When possible, a second sample from hospitalized participants is obtained on the following day or at least 4 hours after the first specimen. A clinical evaluation is performed at the end of the procedure, and the child is monitored for 30 minutes afterward. Possible adverse reactions, such as mild epistaxis, increased coughing, and wheezing responsive to an inhaled bronchodilator, are recorded during or after the procedure. The first induced sputum sample is used for the Xpert MTB/RIF Ultra and liquid culture. The second sample is used only for Ultra among hospitalized participants.
Blood collection
Blood is collected in a 6 mL tube containing lithium or sodium heparin with a minimum volume of 4 mL. The tubes were packed in boxes at temperatures ranging from 17°C to 25°C for transfer to the processing laboratory, with a maximum storage time of 16 hours after collection. The blood samples are used for IGRA testing.

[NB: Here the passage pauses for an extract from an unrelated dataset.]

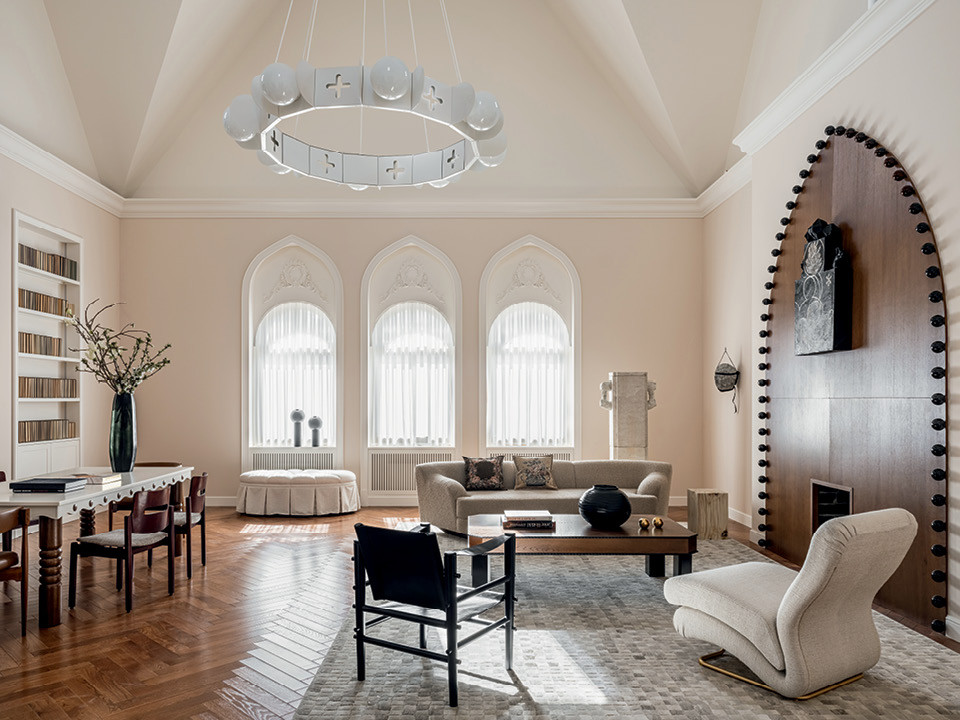 Питерская предпринимательница Мария Грудина приметила квартиру в башенке жилого комплекса “Русский дом” еще в процессе стройки. Оказалось, что она не первая положила на нее глаз. Но до сих пор все потенциальные покупатели “отваливались”, не понимая, как распорядиться помещением со сводчатыми потолками высотой восемь метров. А Мария квартиру купила, потому что знала, кто легко найдет ей правильное применение: Тимофей Вересновский, давний друг и дизайнер, с которым она уже сделала несколько проектов.

Tuberculin skin test (TST)
A trained professional apply 0.1 mL of PPD-RT-23 (tuberculin purified protein derivative – manufacturer AJ vaccines A/S) subcutaneously to the arm and reads the skin test reaction. After administration, the reaction occurs between 48 hours and 72 hours (maximum 96 hours), and is measured in millimeters (mm) of induration (firm swelling). The test is considered positive if the induration is greater than or equal to 5 mm. Participants who previously tested positive are not tested again.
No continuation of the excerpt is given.